> _Problem to solve_
The exercise calls for exact output of the lines between the one that contains "On June 5, orcs" and the end of the data, with both ends kept and pictures left out.

> _Collected data_

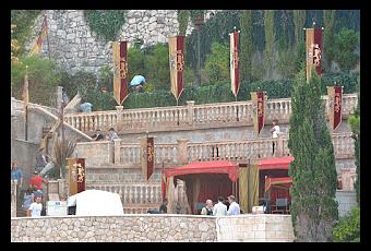 Esta fenomenal secuencia necesitaba rodarse en algún lugar frente al mar que no fuera transitado. Las labores de caracterización debían ser particularmente intensas y se necesitaban semanas para preparar el escenario. El equipo de producción encontró el lugar idóneo alrededor del atrio del Hotel Belvedere. Este hotel fue, durante una época, uno de los mejores de la región pero problemas económicos diversos obligaron a su cierre. Ahora, mientras espera nuevos inversores que realicen la restauración, se ha convertido en un edificio fantasma que destaca especialmente en la costa este de Dubrovnik, dentro del barrio de San Jaime. La instalación no es accesible para los visitantes pero se puede contemplar desde el barco que lleva a la isla de Lokrum. Desde la costa, los habitantes de la zona sí que pueden acceder al atrio. Algunos han dejado consignas de apoyo al equipo de fútbol más importante de la región, el Hajduk Split. Antes del rodaje, incluso habían pintado el escudo del club en la terraza que, posteriormente, fue decorada con el escudo Baratheon - Lannister. Incorporamos varias fotos realizadas desde el mar (el atrio es visible en la parte inferior izquierda de la instalación) y también una instantánea ajena que muestra el estado actual de la terraza. Los restos del escudo aún son visibles.
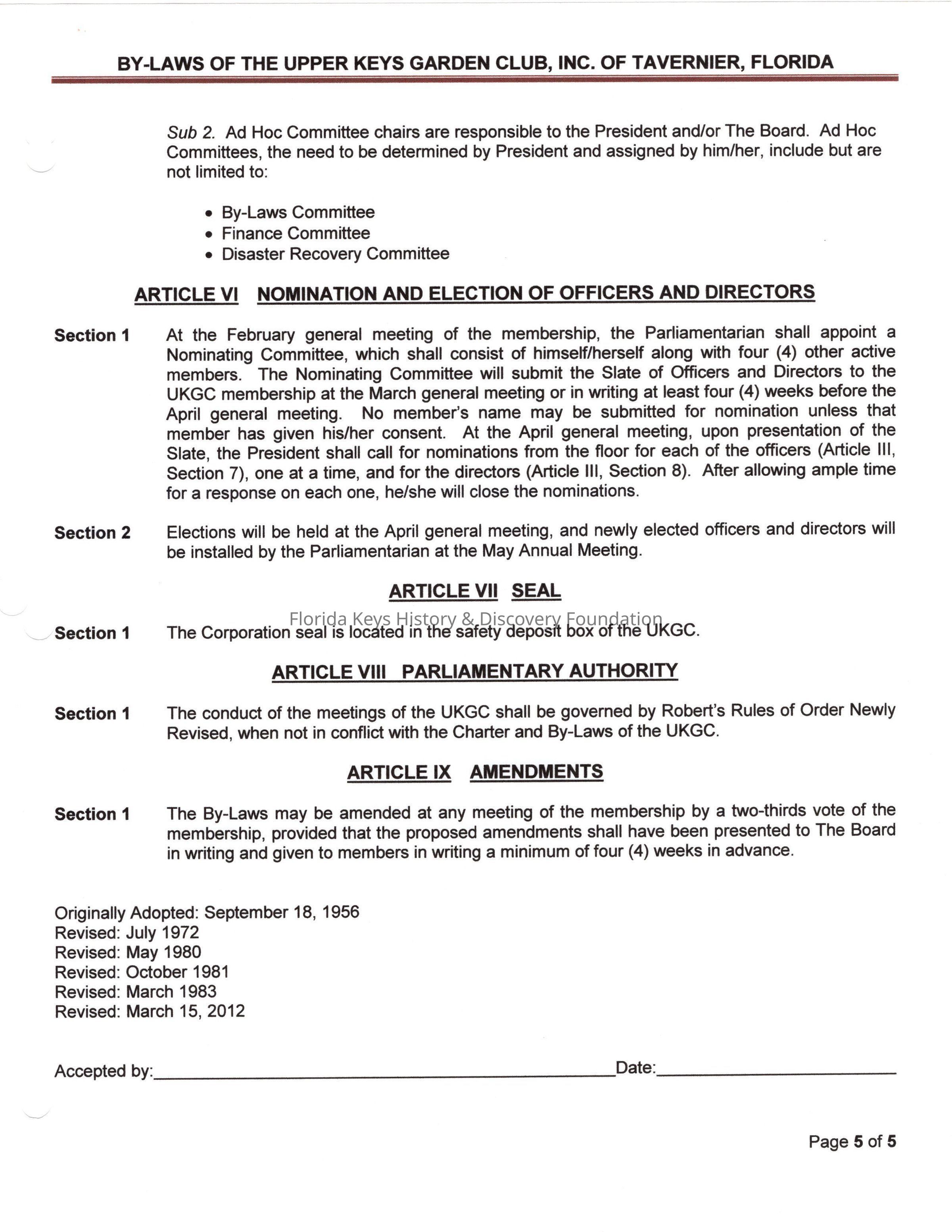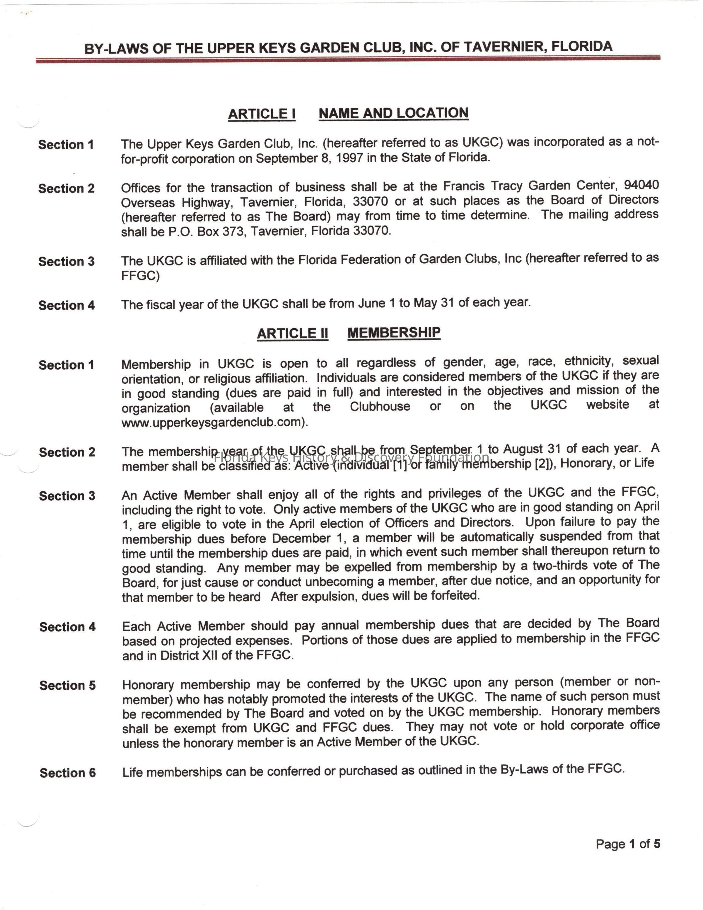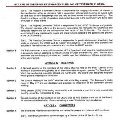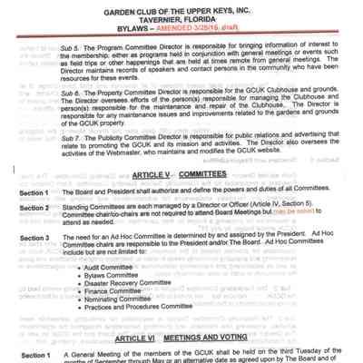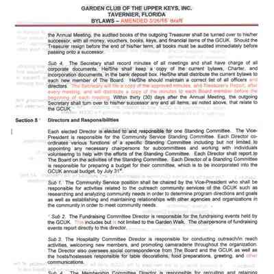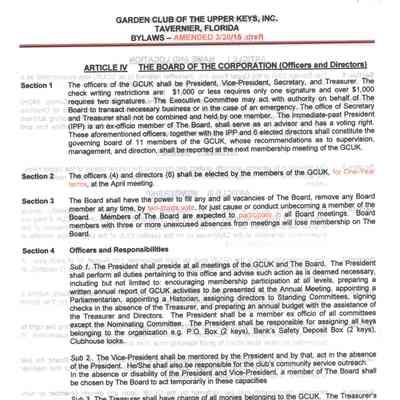Bylaws include articles on name and location, mission, membership, the board of the corporation, committees, meetings and voting, nomination and election of officers and directors.Created By
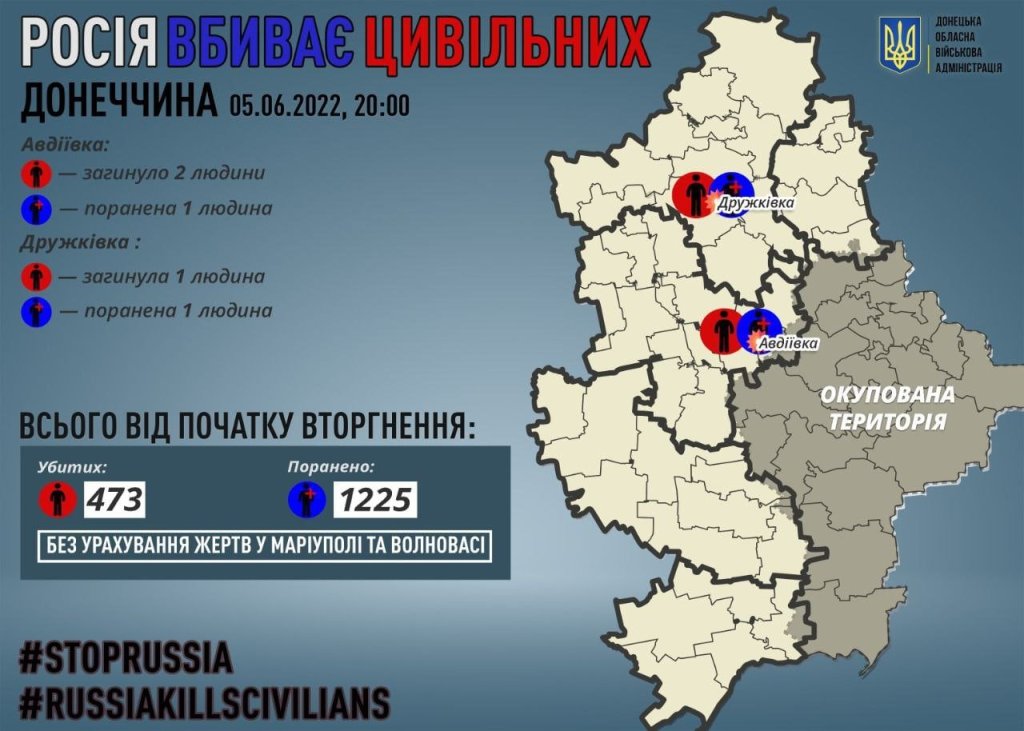 On June 5, orcs killed 3 civilians in Donetsk: 2 in Avdiivka and 1 in Druzhkivka. 2 more people were injured.
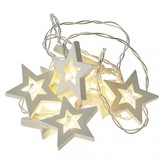 LED vánoční girlanda – hvězdy dřevěné, 2× AA, teplá b., čas.

> _Task answer_
 On June 5, orcs killed 3 civilians in Donetsk: 2 in Avdiivka and 1 in Druzhkivka. 2 more people were injured.
 LED vánoční girlanda – hvězdy dřevěné, 2× AA, teplá b., čas.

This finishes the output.